> [TASK REQUIREMENTS]
Although the data below contains pictures, output only the lines between those holding "السابع: أنه لو" and "Tibetan Wood Handle", inclusive, exactly and without those pictures.

> [EXERCISE INPUTS]
= Beginning of Section =
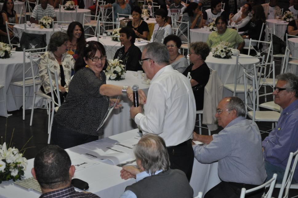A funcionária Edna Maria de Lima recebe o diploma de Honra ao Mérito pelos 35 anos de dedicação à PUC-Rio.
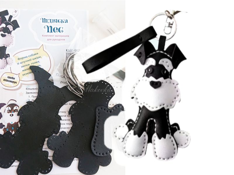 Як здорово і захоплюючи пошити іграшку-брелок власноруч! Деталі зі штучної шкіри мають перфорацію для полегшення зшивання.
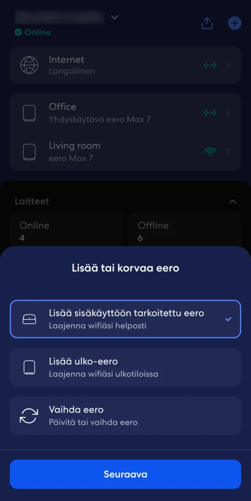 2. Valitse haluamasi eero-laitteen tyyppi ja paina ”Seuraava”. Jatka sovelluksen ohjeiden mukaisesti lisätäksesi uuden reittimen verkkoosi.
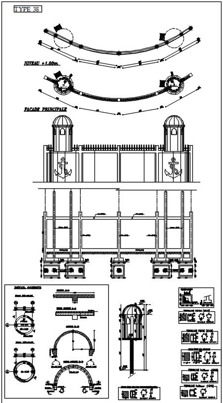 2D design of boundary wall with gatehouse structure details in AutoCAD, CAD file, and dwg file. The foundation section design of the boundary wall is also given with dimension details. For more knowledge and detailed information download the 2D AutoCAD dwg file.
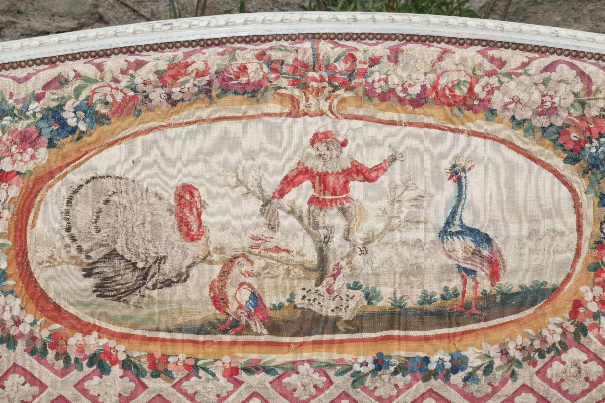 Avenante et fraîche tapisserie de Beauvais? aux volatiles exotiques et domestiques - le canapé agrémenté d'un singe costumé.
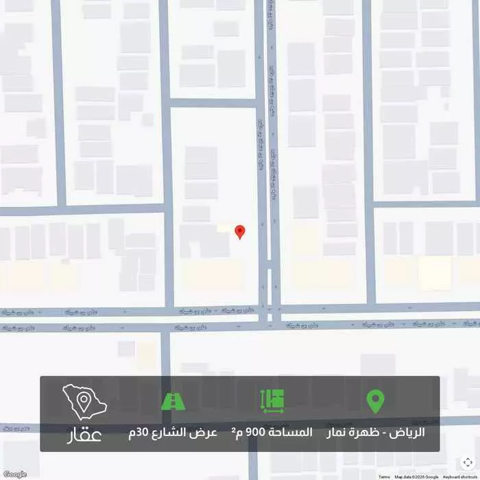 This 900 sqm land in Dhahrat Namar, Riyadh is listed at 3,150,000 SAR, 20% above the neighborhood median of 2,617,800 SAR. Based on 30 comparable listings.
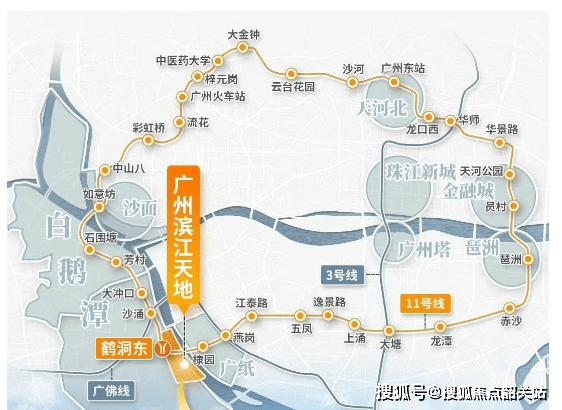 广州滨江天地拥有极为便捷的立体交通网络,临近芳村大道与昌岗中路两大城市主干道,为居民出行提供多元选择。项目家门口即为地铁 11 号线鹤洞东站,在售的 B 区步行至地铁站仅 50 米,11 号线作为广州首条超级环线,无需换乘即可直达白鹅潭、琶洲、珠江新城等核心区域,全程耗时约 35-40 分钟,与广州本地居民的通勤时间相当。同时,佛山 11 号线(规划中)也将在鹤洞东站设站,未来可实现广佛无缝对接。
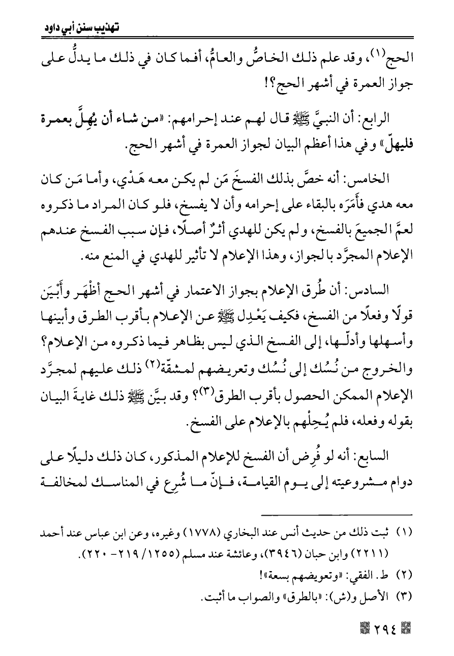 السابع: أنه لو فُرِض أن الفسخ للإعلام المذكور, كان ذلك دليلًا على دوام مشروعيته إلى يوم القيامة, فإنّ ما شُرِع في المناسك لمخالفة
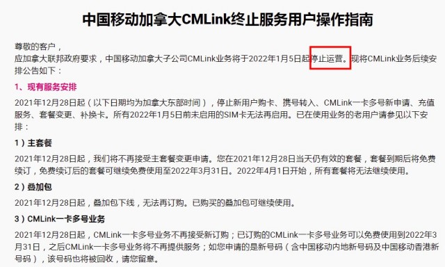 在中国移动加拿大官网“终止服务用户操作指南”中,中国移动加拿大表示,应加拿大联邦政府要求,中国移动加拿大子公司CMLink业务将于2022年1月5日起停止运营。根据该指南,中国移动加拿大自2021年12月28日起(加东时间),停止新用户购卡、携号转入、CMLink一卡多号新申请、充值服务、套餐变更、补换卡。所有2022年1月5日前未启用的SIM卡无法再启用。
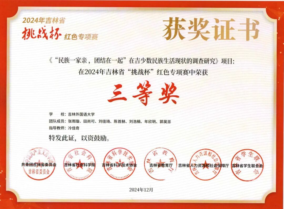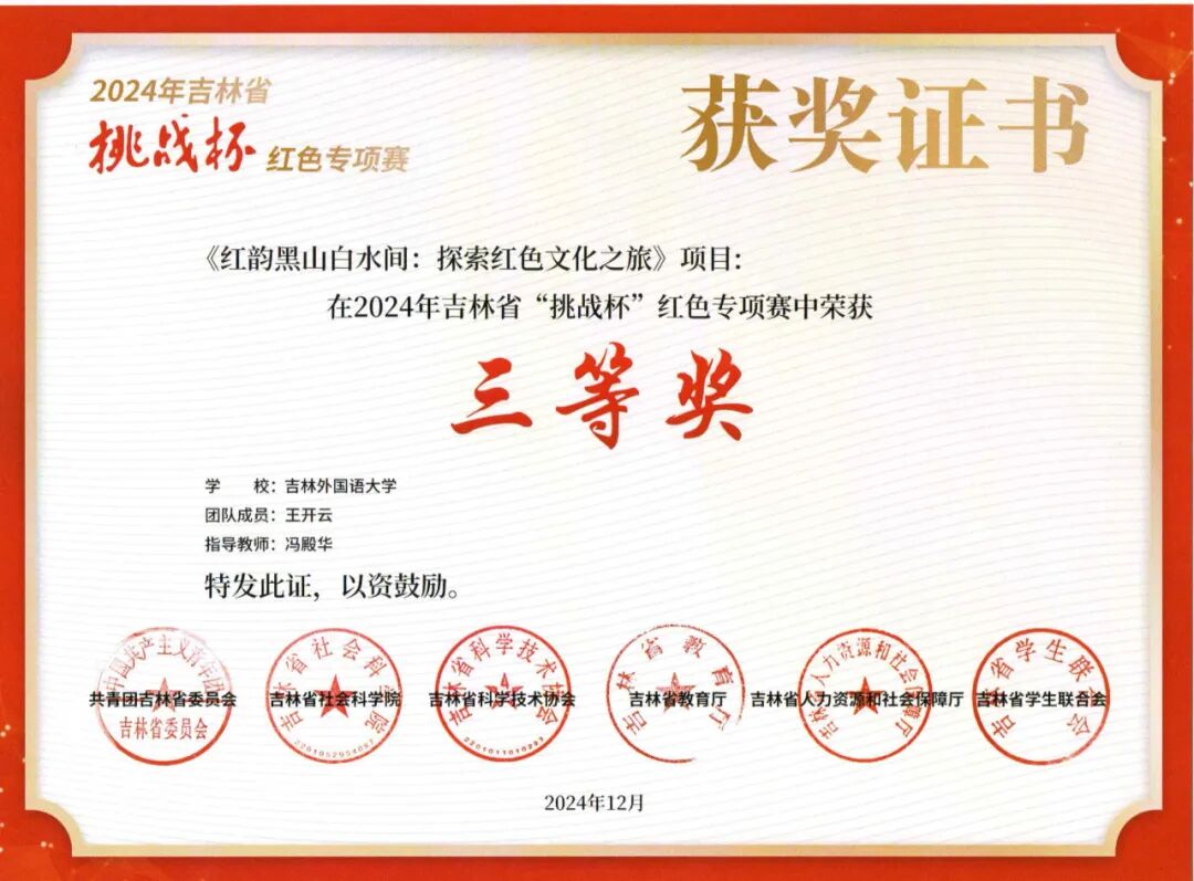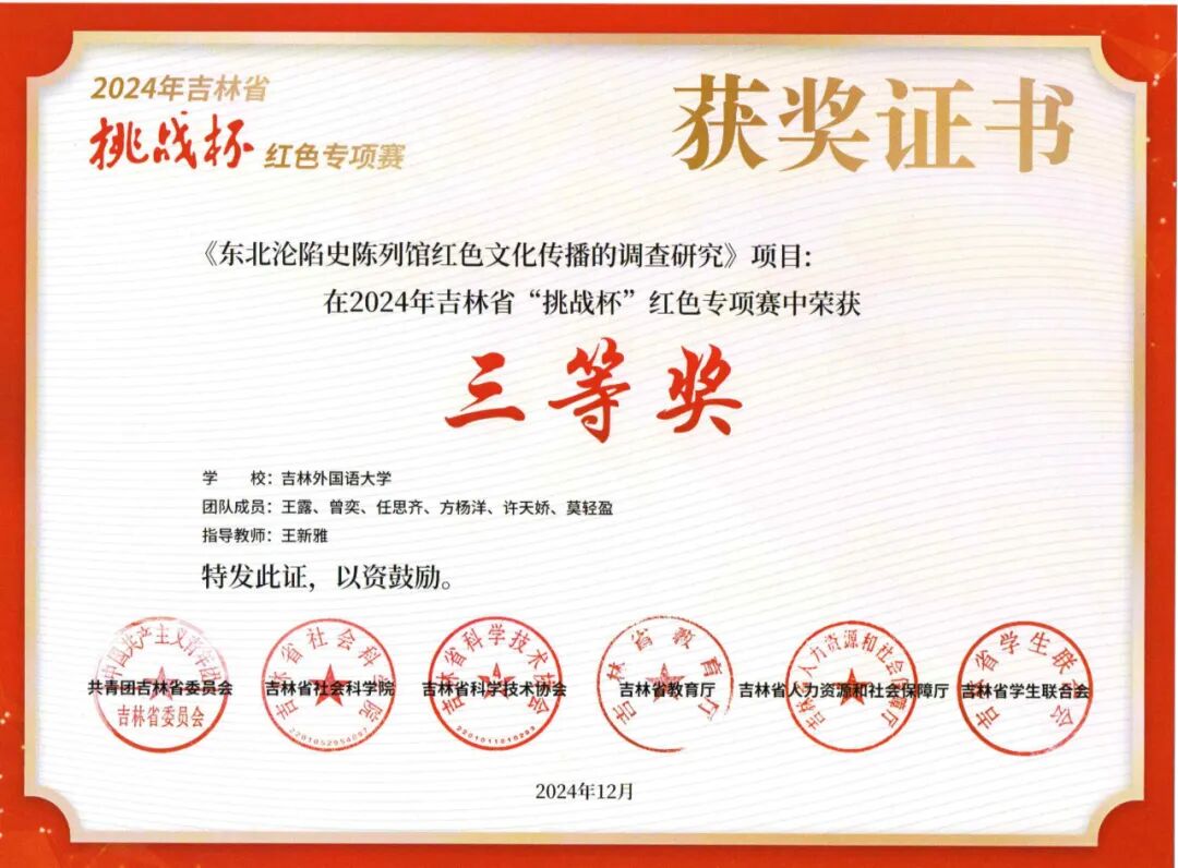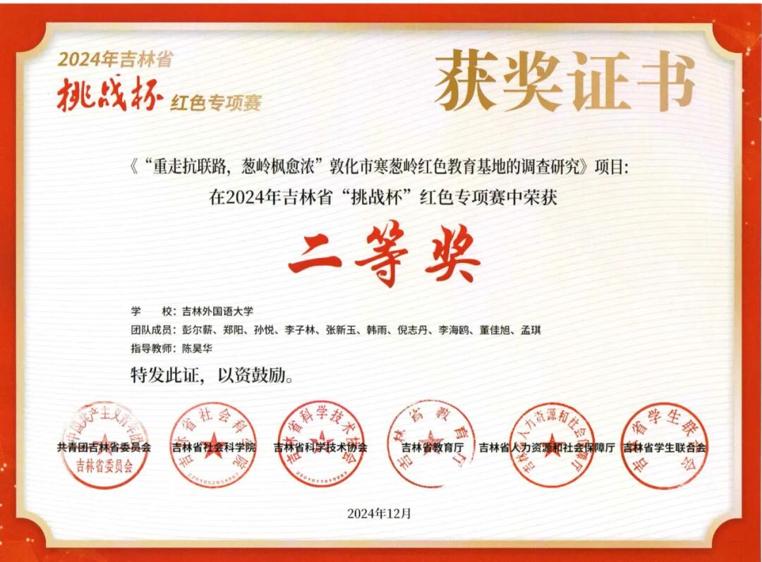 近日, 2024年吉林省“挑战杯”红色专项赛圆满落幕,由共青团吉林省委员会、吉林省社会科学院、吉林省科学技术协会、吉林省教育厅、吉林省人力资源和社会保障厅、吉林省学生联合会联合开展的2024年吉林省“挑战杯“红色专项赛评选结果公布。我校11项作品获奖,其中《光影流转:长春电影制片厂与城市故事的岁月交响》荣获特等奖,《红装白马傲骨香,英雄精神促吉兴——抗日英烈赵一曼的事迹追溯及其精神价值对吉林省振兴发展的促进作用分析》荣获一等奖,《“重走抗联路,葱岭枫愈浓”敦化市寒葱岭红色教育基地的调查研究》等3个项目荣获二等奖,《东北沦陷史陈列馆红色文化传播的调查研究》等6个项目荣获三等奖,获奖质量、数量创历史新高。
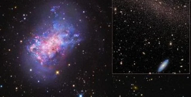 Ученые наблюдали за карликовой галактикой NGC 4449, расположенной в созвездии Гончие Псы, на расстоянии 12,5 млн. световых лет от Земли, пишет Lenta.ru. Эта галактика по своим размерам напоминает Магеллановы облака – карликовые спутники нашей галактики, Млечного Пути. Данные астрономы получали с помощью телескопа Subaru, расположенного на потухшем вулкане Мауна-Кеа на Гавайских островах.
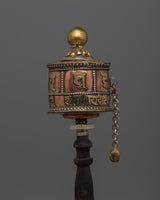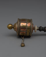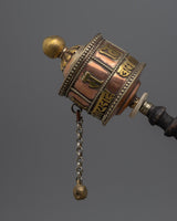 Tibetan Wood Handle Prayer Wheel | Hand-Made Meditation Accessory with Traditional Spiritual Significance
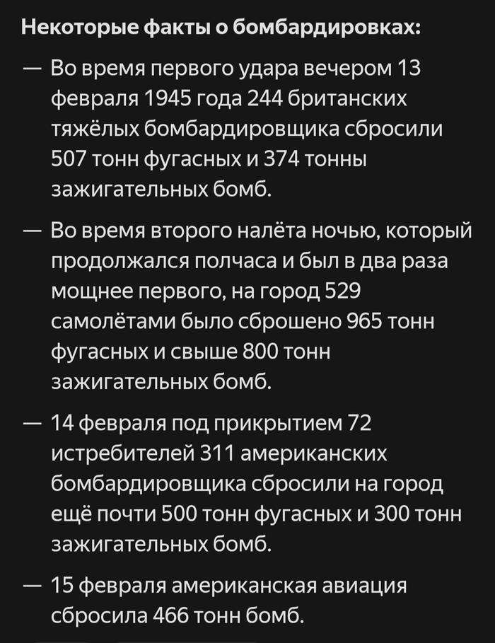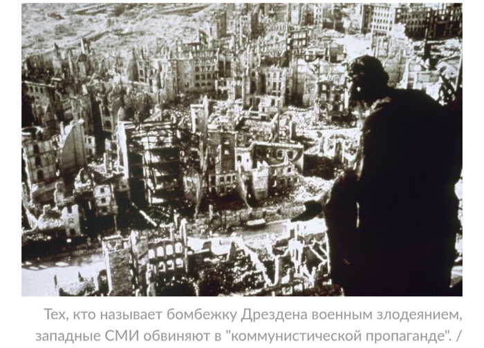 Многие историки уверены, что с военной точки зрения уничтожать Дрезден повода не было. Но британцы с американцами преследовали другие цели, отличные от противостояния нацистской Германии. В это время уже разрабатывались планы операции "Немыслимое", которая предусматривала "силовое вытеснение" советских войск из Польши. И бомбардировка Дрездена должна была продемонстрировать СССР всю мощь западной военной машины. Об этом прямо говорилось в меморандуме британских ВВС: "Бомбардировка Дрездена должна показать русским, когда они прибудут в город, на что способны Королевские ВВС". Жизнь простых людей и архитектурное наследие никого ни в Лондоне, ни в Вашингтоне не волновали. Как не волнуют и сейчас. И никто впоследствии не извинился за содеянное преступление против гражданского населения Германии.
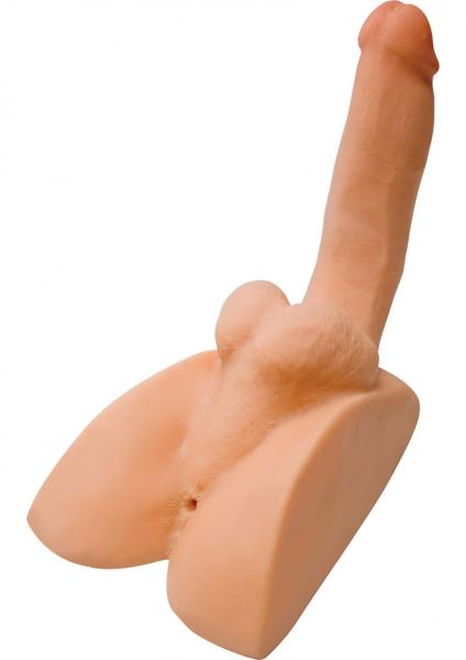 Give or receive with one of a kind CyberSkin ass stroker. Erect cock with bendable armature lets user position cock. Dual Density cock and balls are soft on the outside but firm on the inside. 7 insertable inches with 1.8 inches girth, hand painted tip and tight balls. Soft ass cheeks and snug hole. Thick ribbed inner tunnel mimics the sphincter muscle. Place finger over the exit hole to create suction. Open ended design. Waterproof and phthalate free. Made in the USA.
= End of Section =
> [FINISHED EXERCISE]
 السابع: أنه لو فُرِض أن الفسخ للإعلام المذكور, كان ذلك دليلًا على دوام مشروعيته إلى يوم القيامة, فإنّ ما شُرِع في المناسك لمخالفة
 在中国移动加拿大官网“终止服务用户操作指南”中,中国移动加拿大表示,应加拿大联邦政府要求,中国移动加拿大子公司CMLink业务将于2022年1月5日起停止运营。根据该指南,中国移动加拿大自2021年12月28日起(加东时间),停止新用户购卡、携号转入、CMLink一卡多号新申请、充值服务、套餐变更、补换卡。所有2022年1月5日前未启用的SIM卡无法再启用。
 近日, 2024年吉林省“挑战杯”红色专项赛圆满落幕,由共青团吉林省委员会、吉林省社会科学院、吉林省科学技术协会、吉林省教育厅、吉林省人力资源和社会保障厅、吉林省学生联合会联合开展的2024年吉林省“挑战杯“红色专项赛评选结果公布。我校11项作品获奖,其中《光影流转:长春电影制片厂与城市故事的岁月交响》荣获特等奖,《红装白马傲骨香,英雄精神促吉兴——抗日英烈赵一曼的事迹追溯及其精神价值对吉林省振兴发展的促进作用分析》荣获一等奖,《“重走抗联路,葱岭枫愈浓”敦化市寒葱岭红色教育基地的调查研究》等3个项目荣获二等奖,《东北沦陷史陈列馆红色文化传播的调查研究》等6个项目荣获三等奖,获奖质量、数量创历史新高。
 Ученые наблюдали за карликовой галактикой NGC 4449, расположенной в созвездии Гончие Псы, на расстоянии 12,5 млн. световых лет от Земли, пишет Lenta.ru. Эта галактика по своим размерам напоминает Магеллановы облака – карликовые спутники нашей галактики, Млечного Пути. Данные астрономы получали с помощью телескопа Subaru, расположенного на потухшем вулкане Мауна-Кеа на Гавайских островах.
 Tibetan Wood Handle Prayer Wheel | Hand-Made Meditation Accessory with Traditional Spiritual Significance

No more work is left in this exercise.